_WHAT TO WORK ON_
Exact repetition is required: output every record in full.

_DATA SHOWN_
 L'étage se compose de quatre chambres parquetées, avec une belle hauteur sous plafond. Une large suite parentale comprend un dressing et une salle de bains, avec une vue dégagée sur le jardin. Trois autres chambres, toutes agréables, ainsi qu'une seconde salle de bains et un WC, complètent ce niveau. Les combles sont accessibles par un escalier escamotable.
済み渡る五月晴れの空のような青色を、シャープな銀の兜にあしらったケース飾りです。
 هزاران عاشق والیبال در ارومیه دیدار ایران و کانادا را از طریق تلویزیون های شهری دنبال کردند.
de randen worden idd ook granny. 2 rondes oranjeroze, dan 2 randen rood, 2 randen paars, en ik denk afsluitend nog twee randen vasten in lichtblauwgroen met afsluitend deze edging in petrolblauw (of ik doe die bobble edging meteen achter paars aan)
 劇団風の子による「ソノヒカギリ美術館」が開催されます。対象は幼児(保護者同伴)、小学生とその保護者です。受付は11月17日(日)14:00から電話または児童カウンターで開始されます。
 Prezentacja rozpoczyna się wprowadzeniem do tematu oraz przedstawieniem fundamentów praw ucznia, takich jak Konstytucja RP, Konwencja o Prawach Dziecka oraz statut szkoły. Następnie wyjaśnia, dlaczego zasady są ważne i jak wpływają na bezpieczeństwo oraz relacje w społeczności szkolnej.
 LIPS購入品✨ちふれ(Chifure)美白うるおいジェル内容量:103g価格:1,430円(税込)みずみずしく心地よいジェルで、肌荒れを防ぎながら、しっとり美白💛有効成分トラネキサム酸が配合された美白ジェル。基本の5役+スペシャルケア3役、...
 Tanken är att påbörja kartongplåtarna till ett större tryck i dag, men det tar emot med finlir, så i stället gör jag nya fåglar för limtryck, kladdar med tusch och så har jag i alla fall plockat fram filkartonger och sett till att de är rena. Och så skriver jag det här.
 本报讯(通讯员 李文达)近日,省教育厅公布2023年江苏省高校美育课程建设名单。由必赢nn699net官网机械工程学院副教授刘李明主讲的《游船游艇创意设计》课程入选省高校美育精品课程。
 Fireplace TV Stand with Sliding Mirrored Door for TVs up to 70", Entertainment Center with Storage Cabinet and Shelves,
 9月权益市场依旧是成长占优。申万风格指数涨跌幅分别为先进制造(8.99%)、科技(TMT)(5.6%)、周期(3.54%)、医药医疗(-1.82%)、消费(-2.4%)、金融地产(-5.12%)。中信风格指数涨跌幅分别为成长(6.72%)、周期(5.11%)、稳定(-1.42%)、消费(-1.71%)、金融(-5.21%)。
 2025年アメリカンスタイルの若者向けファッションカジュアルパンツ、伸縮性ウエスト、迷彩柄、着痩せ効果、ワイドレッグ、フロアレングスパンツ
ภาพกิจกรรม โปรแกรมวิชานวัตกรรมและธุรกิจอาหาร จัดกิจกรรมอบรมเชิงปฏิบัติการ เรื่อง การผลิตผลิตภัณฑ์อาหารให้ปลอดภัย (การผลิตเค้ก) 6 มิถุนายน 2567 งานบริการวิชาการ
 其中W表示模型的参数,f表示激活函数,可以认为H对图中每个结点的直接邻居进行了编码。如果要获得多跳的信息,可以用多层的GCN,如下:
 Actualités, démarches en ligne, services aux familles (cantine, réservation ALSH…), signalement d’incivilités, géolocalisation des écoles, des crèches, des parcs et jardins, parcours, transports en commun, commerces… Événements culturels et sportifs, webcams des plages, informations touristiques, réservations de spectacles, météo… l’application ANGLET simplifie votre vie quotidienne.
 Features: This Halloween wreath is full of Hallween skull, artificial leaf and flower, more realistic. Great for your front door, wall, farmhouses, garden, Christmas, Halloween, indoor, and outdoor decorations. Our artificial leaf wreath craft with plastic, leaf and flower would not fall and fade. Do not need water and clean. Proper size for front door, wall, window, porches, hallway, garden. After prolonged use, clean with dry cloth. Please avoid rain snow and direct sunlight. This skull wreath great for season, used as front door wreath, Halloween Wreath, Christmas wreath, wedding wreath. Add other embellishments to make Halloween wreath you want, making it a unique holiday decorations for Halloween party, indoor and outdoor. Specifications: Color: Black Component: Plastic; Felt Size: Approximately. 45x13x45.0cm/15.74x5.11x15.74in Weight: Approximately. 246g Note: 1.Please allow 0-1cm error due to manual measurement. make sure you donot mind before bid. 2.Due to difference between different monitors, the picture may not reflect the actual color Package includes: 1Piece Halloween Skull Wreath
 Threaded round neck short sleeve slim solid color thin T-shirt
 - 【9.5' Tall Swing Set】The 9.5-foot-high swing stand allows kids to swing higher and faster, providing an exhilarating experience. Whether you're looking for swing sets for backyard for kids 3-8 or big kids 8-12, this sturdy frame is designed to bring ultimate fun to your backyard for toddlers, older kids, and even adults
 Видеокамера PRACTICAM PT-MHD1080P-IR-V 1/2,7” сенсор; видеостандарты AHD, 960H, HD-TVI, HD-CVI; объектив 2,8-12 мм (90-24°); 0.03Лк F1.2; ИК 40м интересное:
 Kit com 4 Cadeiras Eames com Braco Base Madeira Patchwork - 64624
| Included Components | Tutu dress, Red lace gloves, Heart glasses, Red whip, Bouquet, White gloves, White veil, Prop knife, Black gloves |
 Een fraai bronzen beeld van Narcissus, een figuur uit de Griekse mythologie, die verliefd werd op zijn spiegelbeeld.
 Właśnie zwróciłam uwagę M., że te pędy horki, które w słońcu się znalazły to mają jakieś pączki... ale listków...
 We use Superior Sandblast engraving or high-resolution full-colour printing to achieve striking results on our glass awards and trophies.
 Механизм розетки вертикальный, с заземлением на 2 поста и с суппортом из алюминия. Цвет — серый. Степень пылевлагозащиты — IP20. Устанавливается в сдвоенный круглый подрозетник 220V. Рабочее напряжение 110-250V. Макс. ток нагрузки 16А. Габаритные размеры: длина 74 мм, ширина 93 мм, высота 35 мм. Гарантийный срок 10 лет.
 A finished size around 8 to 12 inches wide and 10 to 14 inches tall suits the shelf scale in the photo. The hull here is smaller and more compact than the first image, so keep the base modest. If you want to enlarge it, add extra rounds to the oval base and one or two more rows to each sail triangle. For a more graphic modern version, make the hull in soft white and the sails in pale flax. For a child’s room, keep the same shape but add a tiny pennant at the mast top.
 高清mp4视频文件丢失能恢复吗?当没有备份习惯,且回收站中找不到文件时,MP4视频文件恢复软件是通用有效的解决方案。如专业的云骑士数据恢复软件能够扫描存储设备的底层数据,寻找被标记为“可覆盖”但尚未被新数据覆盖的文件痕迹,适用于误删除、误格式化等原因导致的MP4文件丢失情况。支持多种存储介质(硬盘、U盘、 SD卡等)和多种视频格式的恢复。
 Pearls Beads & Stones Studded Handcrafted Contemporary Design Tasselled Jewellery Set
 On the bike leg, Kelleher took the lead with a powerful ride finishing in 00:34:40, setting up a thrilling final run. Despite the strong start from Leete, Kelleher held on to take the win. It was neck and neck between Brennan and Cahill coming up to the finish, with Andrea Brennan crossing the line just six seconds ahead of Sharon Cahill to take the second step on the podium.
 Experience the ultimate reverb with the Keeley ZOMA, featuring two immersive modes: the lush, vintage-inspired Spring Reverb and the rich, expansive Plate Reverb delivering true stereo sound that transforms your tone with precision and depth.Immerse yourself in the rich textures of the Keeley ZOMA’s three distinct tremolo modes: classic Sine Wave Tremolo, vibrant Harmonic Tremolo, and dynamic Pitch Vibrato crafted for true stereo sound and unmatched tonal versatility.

_OUTPUT OF THE EXERCISE_
 L'étage se compose de quatre chambres parquetées, avec une belle hauteur sous plafond. Une large suite parentale comprend un dressing et une salle de bains, avec une vue dégagée sur le jardin. Trois autres chambres, toutes agréables, ainsi qu'une seconde salle de bains et un WC, complètent ce niveau. Les combles sont accessibles par un escalier escamotable.
済み渡る五月晴れの空のような青色を、シャープな銀の兜にあしらったケース飾りです。
 هزاران عاشق والیبال در ارومیه دیدار ایران و کانادا را از طریق تلویزیون های شهری دنبال کردند.
de randen worden idd ook granny. 2 rondes oranjeroze, dan 2 randen rood, 2 randen paars, en ik denk afsluitend nog twee randen vasten in lichtblauwgroen met afsluitend deze edging in petrolblauw (of ik doe die bobble edging meteen achter paars aan)
 劇団風の子による「ソノヒカギリ美術館」が開催されます。対象は幼児(保護者同伴)、小学生とその保護者です。受付は11月17日(日)14:00から電話または児童カウンターで開始されます。
 Prezentacja rozpoczyna się wprowadzeniem do tematu oraz przedstawieniem fundamentów praw ucznia, takich jak Konstytucja RP, Konwencja o Prawach Dziecka oraz statut szkoły. Następnie wyjaśnia, dlaczego zasady są ważne i jak wpływają na bezpieczeństwo oraz relacje w społeczności szkolnej.
 LIPS購入品✨ちふれ(Chifure)美白うるおいジェル内容量:103g価格:1,430円(税込)みずみずしく心地よいジェルで、肌荒れを防ぎながら、しっとり美白💛有効成分トラネキサム酸が配合された美白ジェル。基本の5役+スペシャルケア3役、...
 Tanken är att påbörja kartongplåtarna till ett större tryck i dag, men det tar emot med finlir, så i stället gör jag nya fåglar för limtryck, kladdar med tusch och så har jag i alla fall plockat fram filkartonger och sett till att de är rena. Och så skriver jag det här.
 本报讯(通讯员 李文达)近日,省教育厅公布2023年江苏省高校美育课程建设名单。由必赢nn699net官网机械工程学院副教授刘李明主讲的《游船游艇创意设计》课程入选省高校美育精品课程。
 Fireplace TV Stand with Sliding Mirrored Door for TVs up to 70", Entertainment Center with Storage Cabinet and Shelves,
 9月权益市场依旧是成长占优。申万风格指数涨跌幅分别为先进制造(8.99%)、科技(TMT)(5.6%)、周期(3.54%)、医药医疗(-1.82%)、消费(-2.4%)、金融地产(-5.12%)。中信风格指数涨跌幅分别为成长(6.72%)、周期(5.11%)、稳定(-1.42%)、消费(-1.71%)、金融(-5.21%)。
 2025年アメリカンスタイルの若者向けファッションカジュアルパンツ、伸縮性ウエスト、迷彩柄、着痩せ効果、ワイドレッグ、フロアレングスパンツ
ภาพกิจกรรม โปรแกรมวิชานวัตกรรมและธุรกิจอาหาร จัดกิจกรรมอบรมเชิงปฏิบัติการ เรื่อง การผลิตผลิตภัณฑ์อาหารให้ปลอดภัย (การผลิตเค้ก) 6 มิถุนายน 2567 งานบริการวิชาการ
 其中W表示模型的参数,f表示激活函数,可以认为H对图中每个结点的直接邻居进行了编码。如果要获得多跳的信息,可以用多层的GCN,如下:
 Actualités, démarches en ligne, services aux familles (cantine, réservation ALSH…), signalement d’incivilités, géolocalisation des écoles, des crèches, des parcs et jardins, parcours, transports en commun, commerces… Événements culturels et sportifs, webcams des plages, informations touristiques, réservations de spectacles, météo… l’application ANGLET simplifie votre vie quotidienne.
 Features: This Halloween wreath is full of Hallween skull, artificial leaf and flower, more realistic. Great for your front door, wall, farmhouses, garden, Christmas, Halloween, indoor, and outdoor decorations. Our artificial leaf wreath craft with plastic, leaf and flower would not fall and fade. Do not need water and clean. Proper size for front door, wall, window, porches, hallway, garden. After prolonged use, clean with dry cloth. Please avoid rain snow and direct sunlight. This skull wreath great for season, used as front door wreath, Halloween Wreath, Christmas wreath, wedding wreath. Add other embellishments to make Halloween wreath you want, making it a unique holiday decorations for Halloween party, indoor and outdoor. Specifications: Color: Black Component: Plastic; Felt Size: Approximately. 45x13x45.0cm/15.74x5.11x15.74in Weight: Approximately. 246g Note: 1.Please allow 0-1cm error due to manual measurement. make sure you donot mind before bid. 2.Due to difference between different monitors, the picture may not reflect the actual color Package includes: 1Piece Halloween Skull Wreath
 Threaded round neck short sleeve slim solid color thin T-shirt
 - 【9.5' Tall Swing Set】The 9.5-foot-high swing stand allows kids to swing higher and faster, providing an exhilarating experience. Whether you're looking for swing sets for backyard for kids 3-8 or big kids 8-12, this sturdy frame is designed to bring ultimate fun to your backyard for toddlers, older kids, and even adults
 Видеокамера PRACTICAM PT-MHD1080P-IR-V 1/2,7” сенсор; видеостандарты AHD, 960H, HD-TVI, HD-CVI; объектив 2,8-12 мм (90-24°); 0.03Лк F1.2; ИК 40м интересное:
 Kit com 4 Cadeiras Eames com Braco Base Madeira Patchwork - 64624
| Included Components | Tutu dress, Red lace gloves, Heart glasses, Red whip, Bouquet, White gloves, White veil, Prop knife, Black gloves |
 Een fraai bronzen beeld van Narcissus, een figuur uit de Griekse mythologie, die verliefd werd op zijn spiegelbeeld.
 Właśnie zwróciłam uwagę M., że te pędy horki, które w słońcu się znalazły to mają jakieś pączki... ale listków...
 We use Superior Sandblast engraving or high-resolution full-colour printing to achieve striking results on our glass awards and trophies.
 Механизм розетки вертикальный, с заземлением на 2 поста и с суппортом из алюминия. Цвет — серый. Степень пылевлагозащиты — IP20. Устанавливается в сдвоенный круглый подрозетник 220V. Рабочее напряжение 110-250V. Макс. ток нагрузки 16А. Габаритные размеры: длина 74 мм, ширина 93 мм, высота 35 мм. Гарантийный срок 10 лет.
 A finished size around 8 to 12 inches wide and 10 to 14 inches tall suits the shelf scale in the photo. The hull here is smaller and more compact than the first image, so keep the base modest. If you want to enlarge it, add extra rounds to the oval base and one or two more rows to each sail triangle. For a more graphic modern version, make the hull in soft white and the sails in pale flax. For a child’s room, keep the same shape but add a tiny pennant at the mast top.
 高清mp4视频文件丢失能恢复吗?当没有备份习惯,且回收站中找不到文件时,MP4视频文件恢复软件是通用有效的解决方案。如专业的云骑士数据恢复软件能够扫描存储设备的底层数据,寻找被标记为“可覆盖”但尚未被新数据覆盖的文件痕迹,适用于误删除、误格式化等原因导致的MP4文件丢失情况。支持多种存储介质(硬盘、U盘、 SD卡等)和多种视频格式的恢复。
 Pearls Beads & Stones Studded Handcrafted Contemporary Design Tasselled Jewellery Set
 On the bike leg, Kelleher took the lead with a powerful ride finishing in 00:34:40, setting up a thrilling final run. Despite the strong start from Leete, Kelleher held on to take the win. It was neck and neck between Brennan and Cahill coming up to the finish, with Andrea Brennan crossing the line just six seconds ahead of Sharon Cahill to take the second step on the podium.
 Experience the ultimate reverb with the Keeley ZOMA, featuring two immersive modes: the lush, vintage-inspired Spring Reverb and the rich, expansive Plate Reverb delivering true stereo sound that transforms your tone with precision and depth.Immerse yourself in the rich textures of the Keeley ZOMA’s three distinct tremolo modes: classic Sine Wave Tremolo, vibrant Harmonic Tremolo, and dynamic Pitch Vibrato crafted for true stereo sound and unmatched tonal versatility.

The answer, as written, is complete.